Она же, обменявшись парой слов с незнакомцем, благополучно забыла про свой гнев. Донья Матильда привыкла к тому, что муж вечно тащит в дом всякую живность, однако человека он привел впервые. Она заглянула в кухню объявить слугам, что у них гость, хотя, честно говоря, ее так и подмывало сказать: «Еще одно животное». Затем донья Матильда сопроводила мужа с незнакомцем в павильон: ей не терпелось убрать гостя подальше от своей интимной зоны.

– Здесь, в Англии, вы почувствуете себя вольготней…

И она робко взглянула на молодого человека.

Тефа, служанка, отперла павильон с нарисованными охотниками, открыла двери спальни и зажгла лампы. Гость пришел в восторг от своего нового жилища. Дона Матильда выбрала для него самую большую комнату, с помощью Тефы застелила кровать, открыла окно, выходящее в «Сад зверушек», и дала гостю несколько рекомендаций о том, как следует натягивать москитную сетку, дабы избежать вторжения летучих мышей, которые, впрочем, были безобидны.

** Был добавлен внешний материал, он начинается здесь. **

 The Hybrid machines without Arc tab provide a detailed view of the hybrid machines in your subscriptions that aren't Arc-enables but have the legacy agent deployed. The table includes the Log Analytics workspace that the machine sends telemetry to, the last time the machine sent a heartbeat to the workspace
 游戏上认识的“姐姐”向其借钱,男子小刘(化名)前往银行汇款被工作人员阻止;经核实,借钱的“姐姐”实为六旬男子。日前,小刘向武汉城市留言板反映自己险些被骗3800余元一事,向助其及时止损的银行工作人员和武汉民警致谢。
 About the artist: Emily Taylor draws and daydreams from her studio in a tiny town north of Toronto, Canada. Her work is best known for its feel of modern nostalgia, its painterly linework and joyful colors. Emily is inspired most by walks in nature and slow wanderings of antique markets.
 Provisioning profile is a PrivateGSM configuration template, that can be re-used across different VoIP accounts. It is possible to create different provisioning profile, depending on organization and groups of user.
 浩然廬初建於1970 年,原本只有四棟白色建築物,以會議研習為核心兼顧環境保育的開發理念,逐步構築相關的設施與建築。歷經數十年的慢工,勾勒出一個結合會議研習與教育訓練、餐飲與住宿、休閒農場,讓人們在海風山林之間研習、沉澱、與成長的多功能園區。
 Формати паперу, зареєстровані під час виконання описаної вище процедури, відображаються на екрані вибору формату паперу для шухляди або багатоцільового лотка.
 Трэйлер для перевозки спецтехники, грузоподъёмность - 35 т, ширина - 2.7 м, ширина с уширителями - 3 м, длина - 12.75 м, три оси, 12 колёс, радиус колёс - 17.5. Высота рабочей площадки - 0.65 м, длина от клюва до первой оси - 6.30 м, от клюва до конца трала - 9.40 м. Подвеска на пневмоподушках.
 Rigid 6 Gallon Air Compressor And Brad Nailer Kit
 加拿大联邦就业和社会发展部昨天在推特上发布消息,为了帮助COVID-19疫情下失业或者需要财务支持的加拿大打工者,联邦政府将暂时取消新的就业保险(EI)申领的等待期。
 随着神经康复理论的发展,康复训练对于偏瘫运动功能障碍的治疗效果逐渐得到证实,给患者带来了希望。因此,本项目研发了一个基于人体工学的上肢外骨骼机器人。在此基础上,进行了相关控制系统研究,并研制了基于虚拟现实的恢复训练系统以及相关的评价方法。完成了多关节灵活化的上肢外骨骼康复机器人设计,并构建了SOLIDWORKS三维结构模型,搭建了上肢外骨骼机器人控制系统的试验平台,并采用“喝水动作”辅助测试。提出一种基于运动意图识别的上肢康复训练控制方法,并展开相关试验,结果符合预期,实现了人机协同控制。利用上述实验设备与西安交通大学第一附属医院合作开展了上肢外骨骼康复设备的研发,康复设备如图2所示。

Молодой человек, представившись как Фелипе Уртaдо, пристроил свой чемодан на прикроватный столик. Служанка обновила воду в кувшине, принесла кусочек французского мыла и положила на полки в ванной чистые полотенца.

За ужином хозяйка была очарована гостем и его улыбкой. Затем молодой человек удалился, а хозяева остались вдвоем. Дон Хоакин рассказал жене о жуткой сцене, произошедшей в отеле «Хардин»: ему об этом поведал дон Пепе Окампо.

– Вот и нажили мы себе врага в лице генерала! – заметила донья Матильда.

– Не может же этот человек делать все, что ему вздумается.

– Но он делает! – возразила донья Матильда с улыбкой.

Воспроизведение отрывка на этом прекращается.